Extracted records

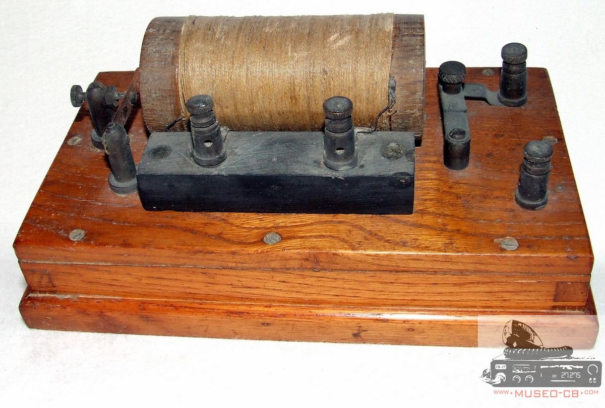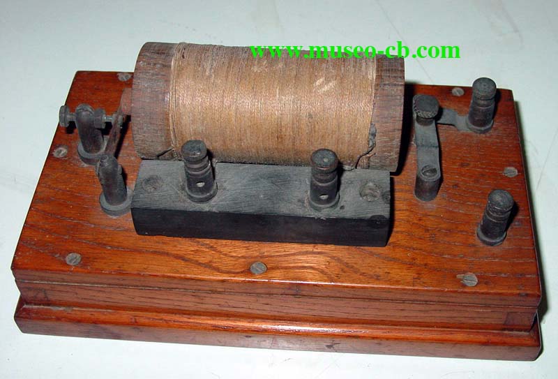 La llamada bobina de inducción o bobina de Ruhmkorff, de invención anterior a la de los transformadores de corriente alterna, es un verdadero transformador polimorfo y elevador, en el que se obtiene, a partir de una corriente primaria continua y de poca fem (pilas o acumuladores), otra de alta tensión y alterna. El carrete está constituido por un núcleo integrado por un haz de hilos de hierro dulce alrededor del cual se arrolla el circuito primario que es un alambre de cobre grueso y relativamente corto, de pocas vueltas, y por encima de este, convenientemente aislado, se arrolla el circuito secundario, hilo delgado y de mucha longitud (muchas vueltas) cuyos extremos están formando los llamados polos del aparato. En sus aplicaciones se encuentra la radio. Hertz, profesor de la Universidad de Bonn (1857-1894) llevó a la práctica la teoría de Maxwell. El desafío para Hertz consistió en inventar el transmisor y el receptor. El emisor estaba constituido por un carrete de Ruhmkorff de grandes dimensiones al que adapto una especie de antena dipolo. El receptor, muy poco sensible, consistía en un anillo abierto, entre cuyas puntas podían saltar chispas. Esta importante pieza, sin duda la más antigua de Museo CB, fue donada a museo CB por Antoni Millán, de Villanova y la Geltrú
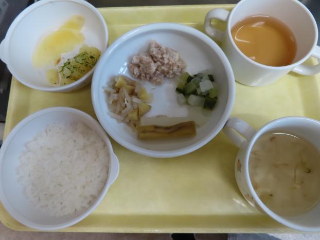 白かゆ・白身魚のあんかけ・ポテトサラダ・大根とさつまいもの煮物・お味噌汁(上澄み)
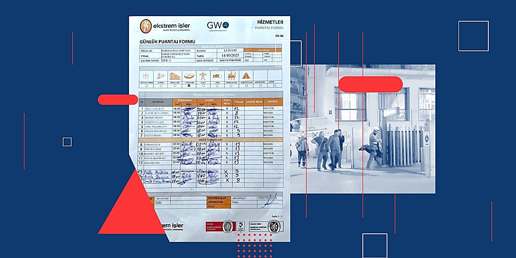 Los obreros subcontratados por la constructora turca que remodela el estadio del Barcelona denuncian jornadas abusivas, despidos improcedentes y sueldos indignos...
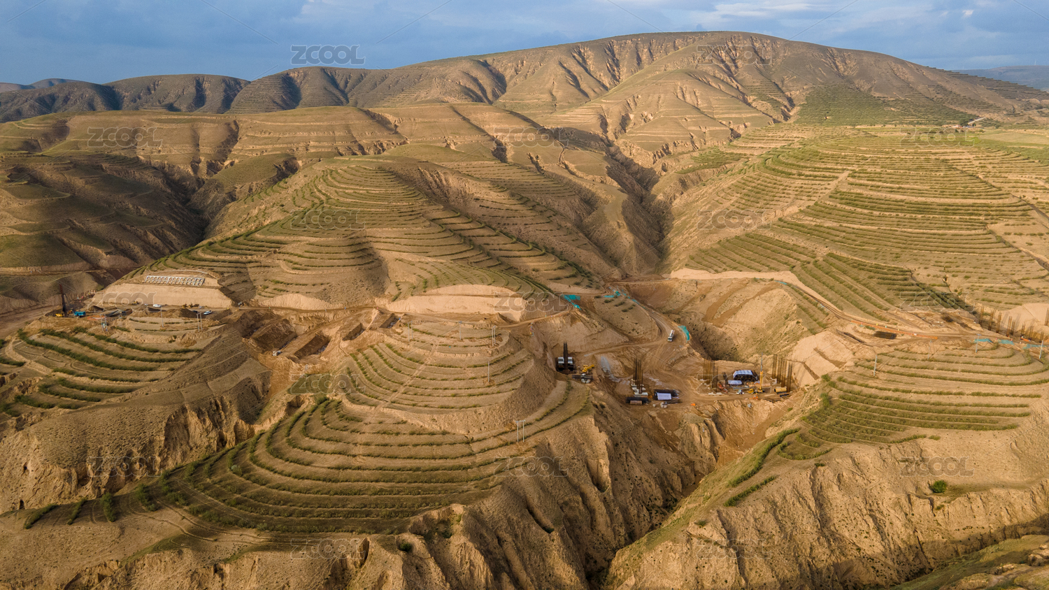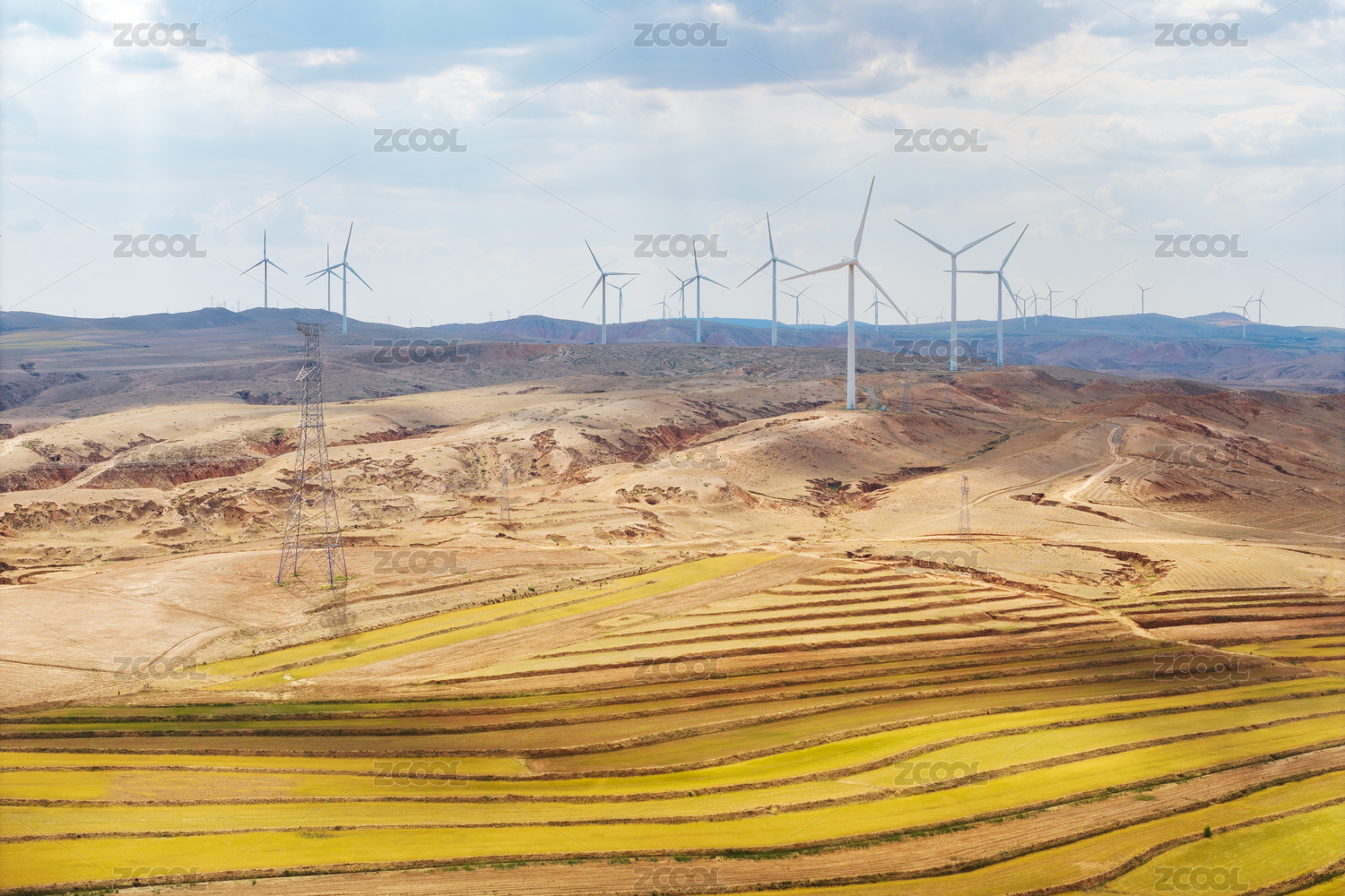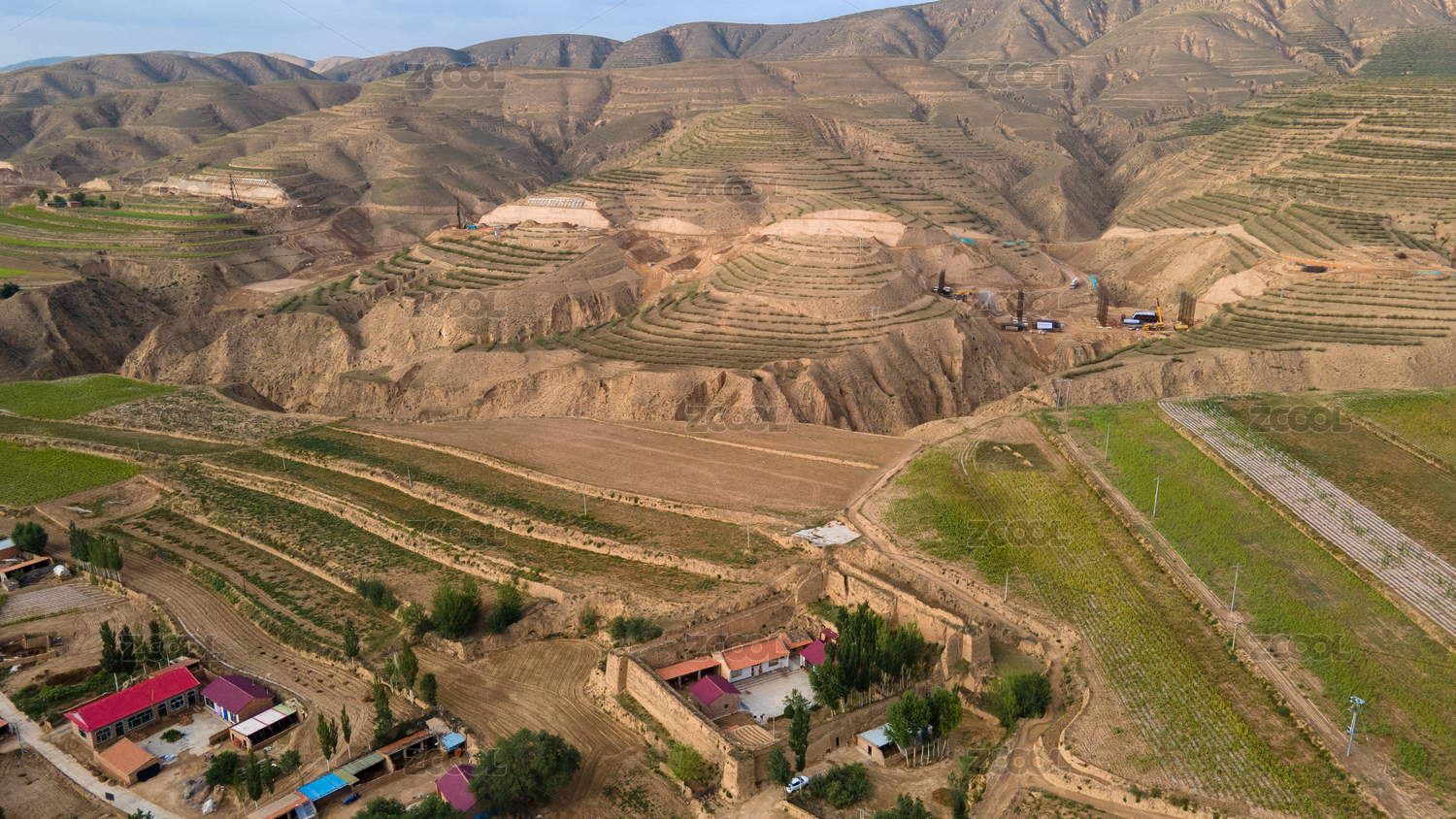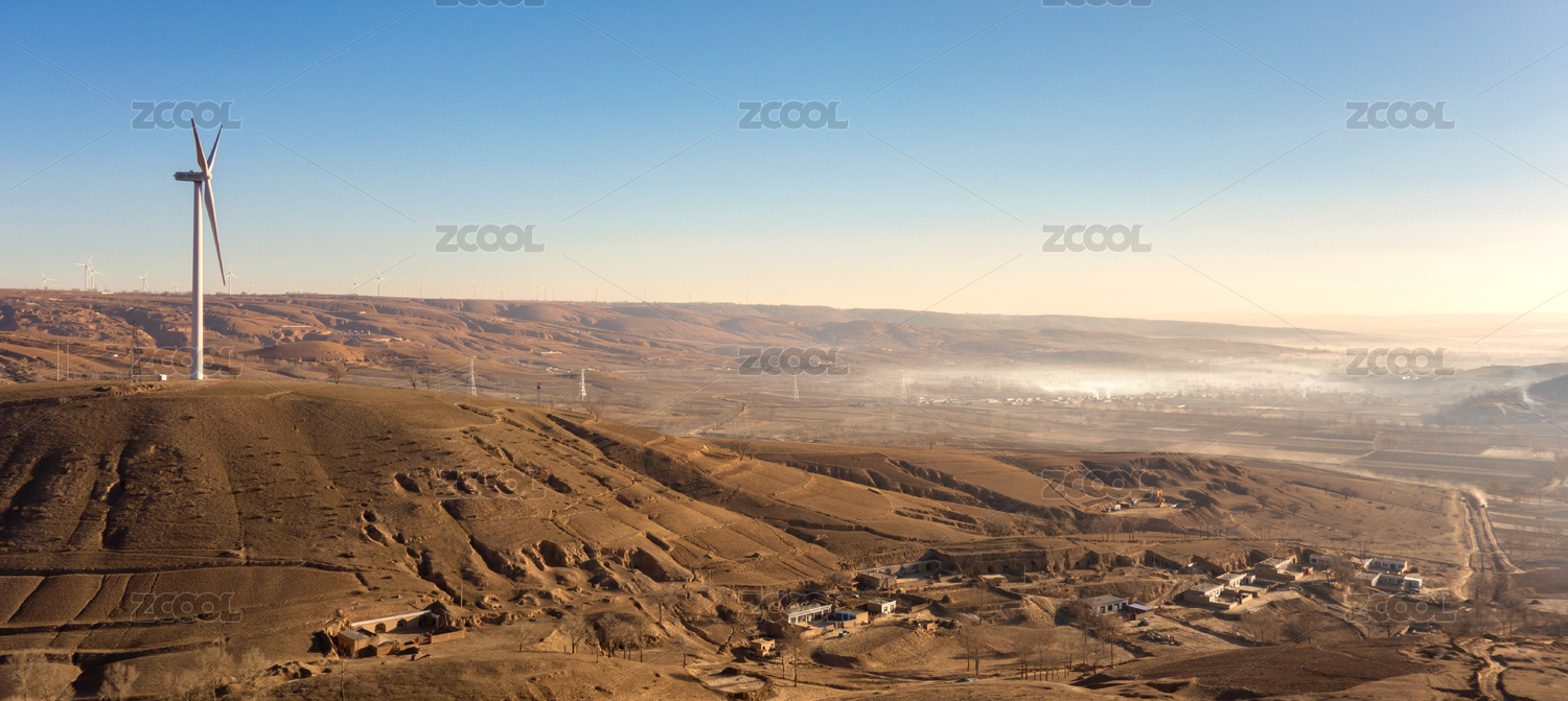 黃土高原上的梯田和風(fēng)力發(fā)電機(jī)
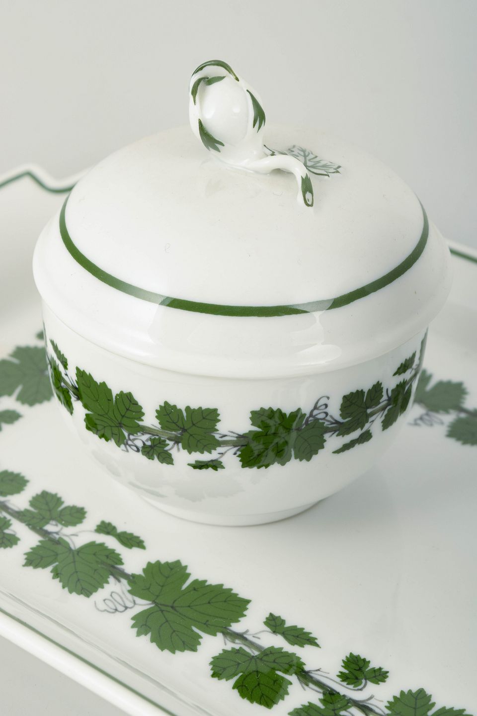 Sæt bestående af porcelænsbakke, flødekande og sukkerskål med låg, dekoreret i det klassiske Vine-Leaf Pattern (“Voller grüner Weinkranz”) med grønne vinblade og slyngende ranker i underglasur. Bakken med grønt kantbånd og bladranke danner en elegant ramme om de to kar, der begge fremstår i harmonisk helhed med mønsteret.
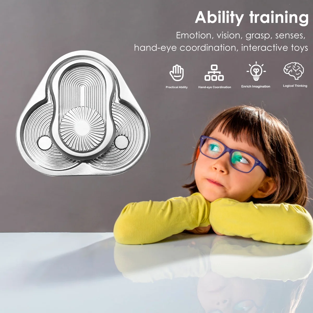 Retrok Rotary Push Toy Finger Spinner Toy Stainless Steel Triangle Sensory Hand Toy Magnetic Toy for Men Women Adults
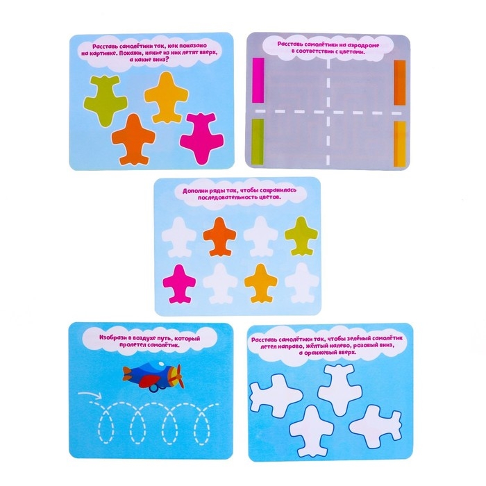 В наборе малыш обнаружит 4 фигурки самолётов и 10 двусторонних карточек с заданиями.
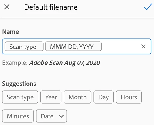 The scan app names all files “Adobe Scan (current date)” by default. However, you can change the title, date format, and add any string as needed. Custom names can help you organize and find files.
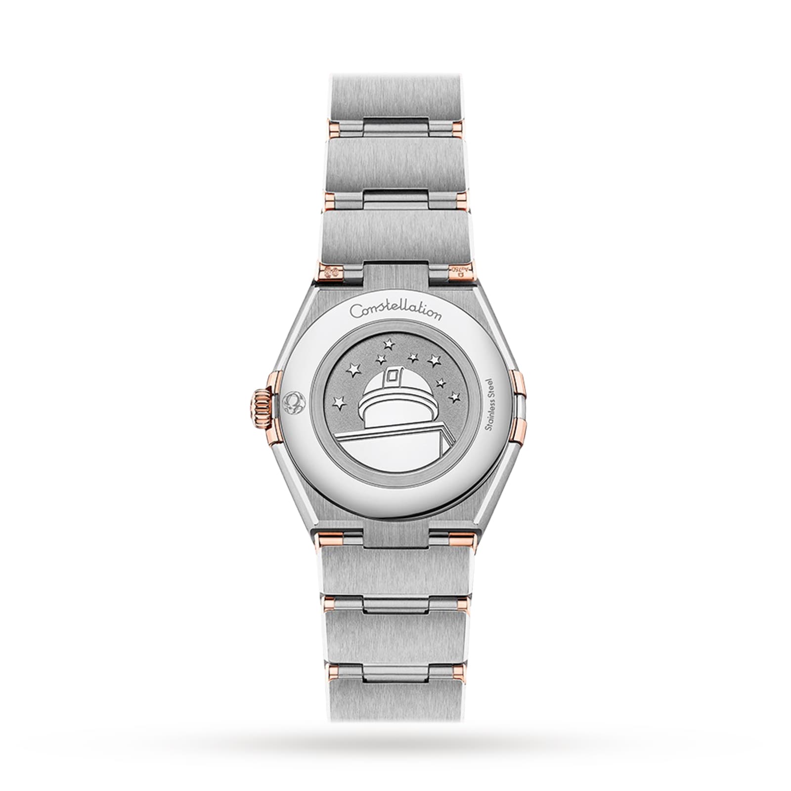 This 28 mm 18K Sedna™ gold and stainless steel model features a diamond-paved bezel, sun-brushed brown dial dial with diamond hour markers and scratch-resistant sapphire crystal. The hands, OMEGA logo, Constellation star and diamond holders are also in 18K Sedna™ gold.

[Exercise details] Set down exactly the lines above, from the line containing "Los obreros subcontratados" through the line containing "黃土高原上的梯田和風(fēng)力發(fā)電機(jī)". Skip the pictures.

[Result]
 Los obreros subcontratados por la constructora turca que remodela el estadio del Barcelona denuncian jornadas abusivas, despidos improcedentes y sueldos indignos...
 黃土高原上的梯田和風(fēng)力發(fā)電機(jī)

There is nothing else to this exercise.